__What is needed__. In the listing below, find the line with "Pantalón deportivo negro" and copy every line from there up to and including the line with "17日22時(shí)30分", exactly and without pictures.

[Listed records Boundary: Start]

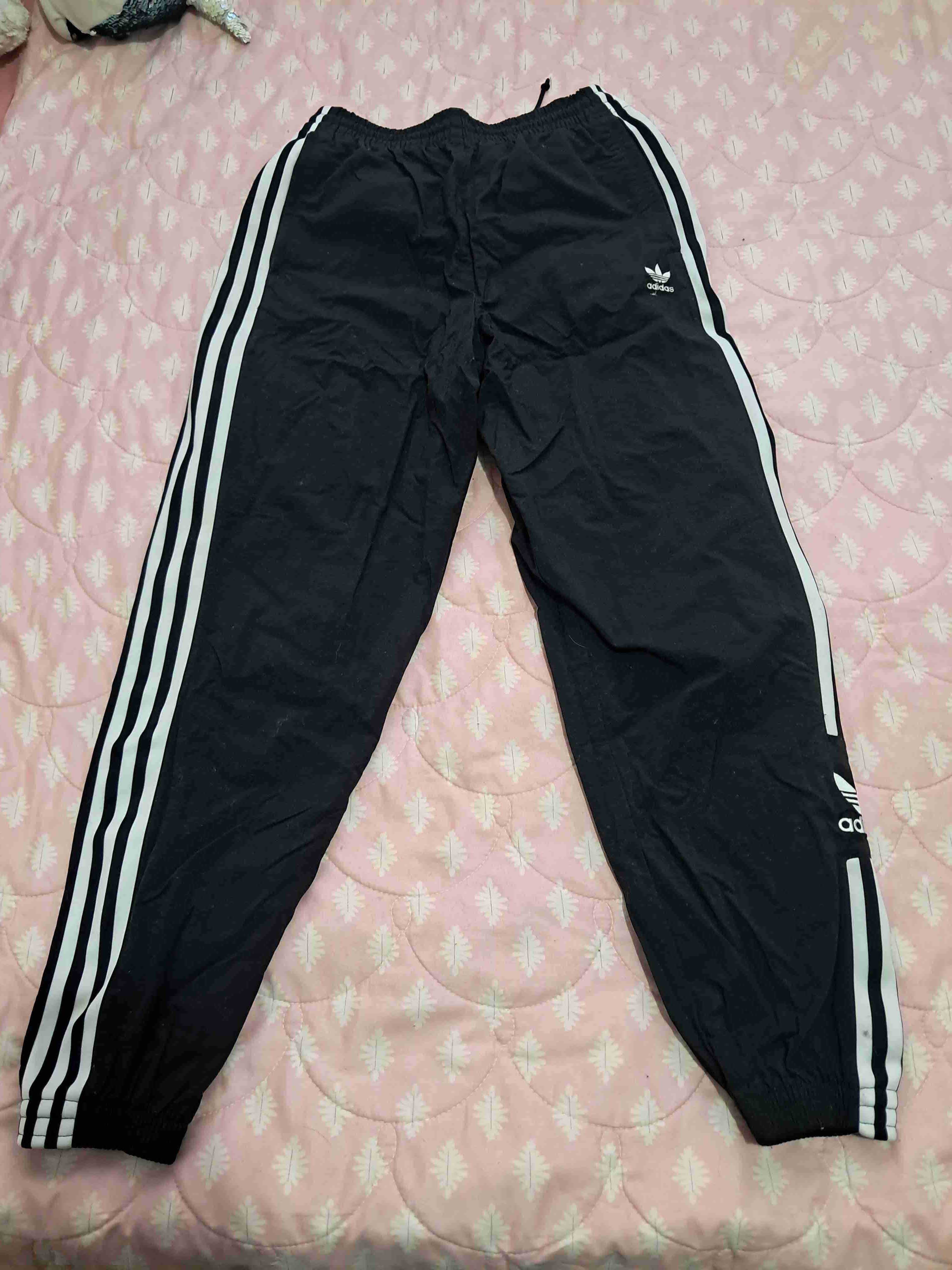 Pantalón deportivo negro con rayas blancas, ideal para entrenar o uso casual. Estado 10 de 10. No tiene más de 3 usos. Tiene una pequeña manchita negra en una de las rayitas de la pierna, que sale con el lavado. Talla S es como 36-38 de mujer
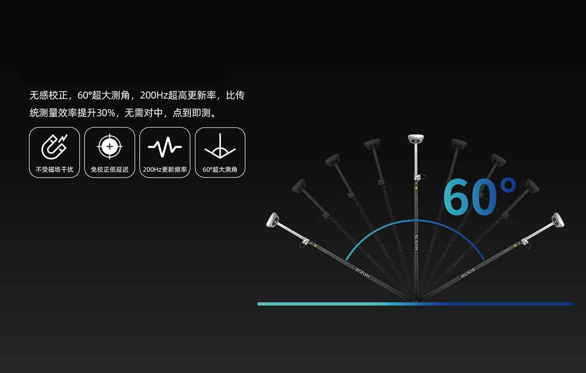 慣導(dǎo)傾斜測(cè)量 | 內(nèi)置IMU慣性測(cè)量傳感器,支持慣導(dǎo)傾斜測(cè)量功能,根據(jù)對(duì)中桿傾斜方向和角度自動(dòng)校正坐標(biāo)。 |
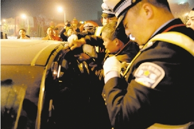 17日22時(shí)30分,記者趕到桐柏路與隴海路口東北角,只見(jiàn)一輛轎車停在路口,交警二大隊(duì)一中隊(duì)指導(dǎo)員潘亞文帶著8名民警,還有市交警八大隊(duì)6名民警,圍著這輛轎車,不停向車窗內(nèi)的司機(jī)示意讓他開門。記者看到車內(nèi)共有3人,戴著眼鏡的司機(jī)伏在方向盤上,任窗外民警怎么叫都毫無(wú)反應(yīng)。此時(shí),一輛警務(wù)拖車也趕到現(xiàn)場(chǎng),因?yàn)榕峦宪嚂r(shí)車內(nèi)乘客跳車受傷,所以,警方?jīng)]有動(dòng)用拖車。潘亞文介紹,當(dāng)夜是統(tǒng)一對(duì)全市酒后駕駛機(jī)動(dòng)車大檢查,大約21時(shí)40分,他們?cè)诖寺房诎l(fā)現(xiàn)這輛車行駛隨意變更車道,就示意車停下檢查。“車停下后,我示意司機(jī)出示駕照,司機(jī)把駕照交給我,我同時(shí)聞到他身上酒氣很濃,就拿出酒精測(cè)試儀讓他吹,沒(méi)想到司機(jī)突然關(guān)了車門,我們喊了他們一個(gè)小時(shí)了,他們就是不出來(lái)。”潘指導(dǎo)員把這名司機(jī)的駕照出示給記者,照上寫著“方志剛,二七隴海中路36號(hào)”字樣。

[Listed records Boundary: End]
[Listed records Boundary: Start]

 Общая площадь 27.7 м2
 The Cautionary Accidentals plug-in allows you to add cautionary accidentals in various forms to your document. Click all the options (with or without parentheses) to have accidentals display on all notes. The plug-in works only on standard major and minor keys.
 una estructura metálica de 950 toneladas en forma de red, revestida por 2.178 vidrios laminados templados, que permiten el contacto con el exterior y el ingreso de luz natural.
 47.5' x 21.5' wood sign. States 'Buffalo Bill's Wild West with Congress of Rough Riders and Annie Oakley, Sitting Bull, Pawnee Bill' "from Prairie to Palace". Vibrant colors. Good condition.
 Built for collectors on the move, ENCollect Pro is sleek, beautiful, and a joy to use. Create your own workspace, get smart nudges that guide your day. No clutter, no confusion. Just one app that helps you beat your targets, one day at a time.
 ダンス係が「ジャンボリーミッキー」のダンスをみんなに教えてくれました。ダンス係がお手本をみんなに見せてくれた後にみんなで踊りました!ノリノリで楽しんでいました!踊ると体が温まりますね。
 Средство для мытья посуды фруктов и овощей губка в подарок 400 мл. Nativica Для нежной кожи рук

[Listed records Boundary: End]
[Listed records Boundary: Start]

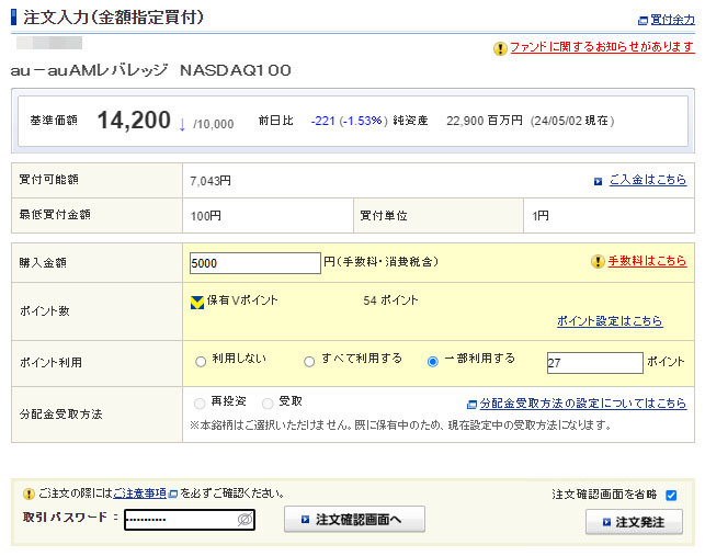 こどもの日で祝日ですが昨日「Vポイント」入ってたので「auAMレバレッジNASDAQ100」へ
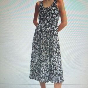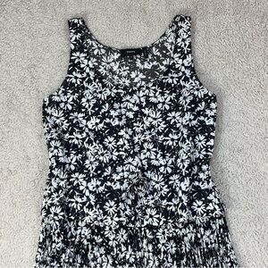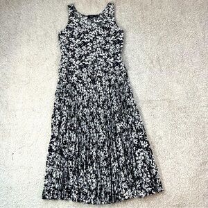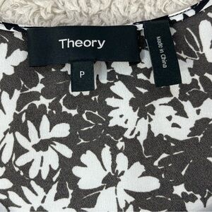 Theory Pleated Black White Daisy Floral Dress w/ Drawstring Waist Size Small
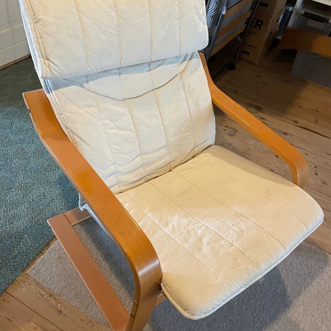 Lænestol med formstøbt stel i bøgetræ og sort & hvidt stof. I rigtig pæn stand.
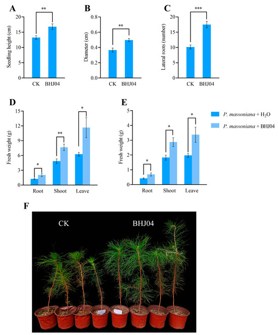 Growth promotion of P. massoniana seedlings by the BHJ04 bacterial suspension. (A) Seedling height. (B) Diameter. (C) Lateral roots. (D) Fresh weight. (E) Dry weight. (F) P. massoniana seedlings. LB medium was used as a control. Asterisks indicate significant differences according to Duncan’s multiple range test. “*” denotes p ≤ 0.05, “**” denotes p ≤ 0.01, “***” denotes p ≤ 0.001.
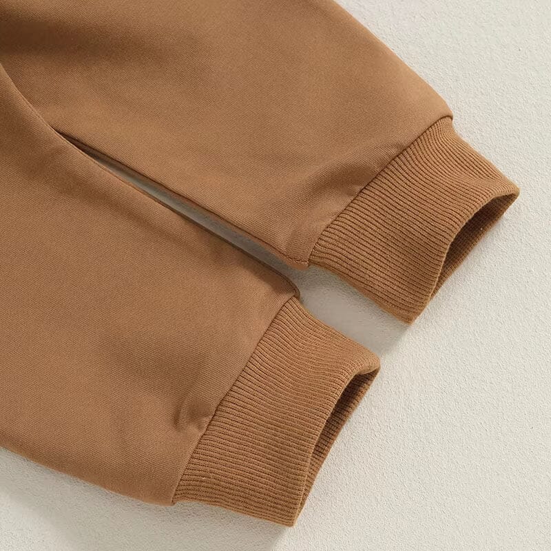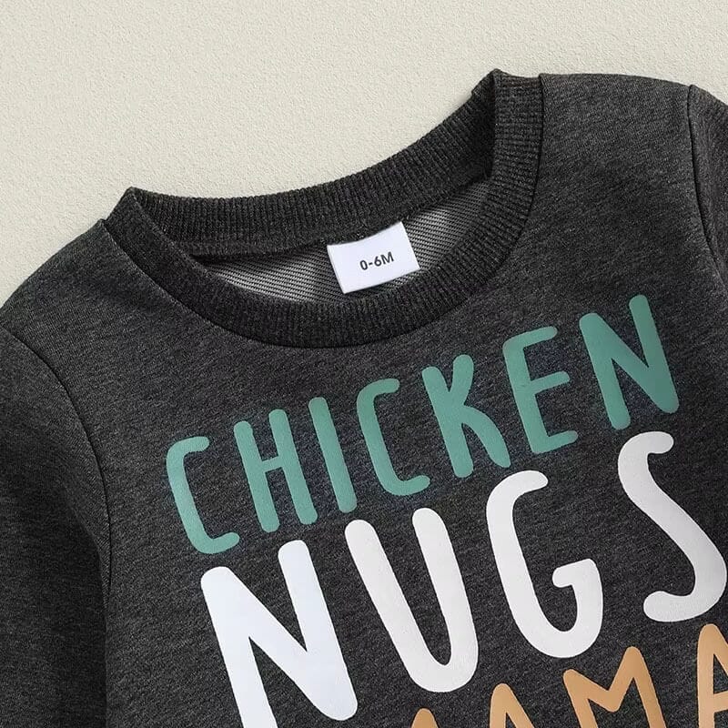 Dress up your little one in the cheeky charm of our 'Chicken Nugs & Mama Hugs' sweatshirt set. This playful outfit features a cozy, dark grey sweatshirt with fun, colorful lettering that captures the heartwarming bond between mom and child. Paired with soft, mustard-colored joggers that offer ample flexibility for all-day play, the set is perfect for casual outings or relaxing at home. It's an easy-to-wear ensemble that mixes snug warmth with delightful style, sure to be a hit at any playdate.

[Listed records Boundary: End]

__Final answer__.
 Pantalón deportivo negro con rayas blancas, ideal para entrenar o uso casual. Estado 10 de 10. No tiene más de 3 usos. Tiene una pequeña manchita negra en una de las rayitas de la pierna, que sale con el lavado. Talla S es como 36-38 de mujer
 慣導(dǎo)傾斜測(cè)量 | 內(nèi)置IMU慣性測(cè)量傳感器,支持慣導(dǎo)傾斜測(cè)量功能,根據(jù)對(duì)中桿傾斜方向和角度自動(dòng)校正坐標(biāo)。 |
 17日22時(shí)30分,記者趕到桐柏路與隴海路口東北角,只見(jiàn)一輛轎車停在路口,交警二大隊(duì)一中隊(duì)指導(dǎo)員潘亞文帶著8名民警,還有市交警八大隊(duì)6名民警,圍著這輛轎車,不停向車窗內(nèi)的司機(jī)示意讓他開門。記者看到車內(nèi)共有3人,戴著眼鏡的司機(jī)伏在方向盤上,任窗外民警怎么叫都毫無(wú)反應(yīng)。此時(shí),一輛警務(wù)拖車也趕到現(xiàn)場(chǎng),因?yàn)榕峦宪嚂r(shí)車內(nèi)乘客跳車受傷,所以,警方?jīng)]有動(dòng)用拖車。潘亞文介紹,當(dāng)夜是統(tǒng)一對(duì)全市酒后駕駛機(jī)動(dòng)車大檢查,大約21時(shí)40分,他們?cè)诖寺房诎l(fā)現(xiàn)這輛車行駛隨意變更車道,就示意車停下檢查。“車停下后,我示意司機(jī)出示駕照,司機(jī)把駕照交給我,我同時(shí)聞到他身上酒氣很濃,就拿出酒精測(cè)試儀讓他吹,沒(méi)想到司機(jī)突然關(guān)了車門,我們喊了他們一個(gè)小時(shí)了,他們就是不出來(lái)。”潘指導(dǎo)員把這名司機(jī)的駕照出示給記者,照上寫著“方志剛,二七隴海中路36號(hào)”字樣。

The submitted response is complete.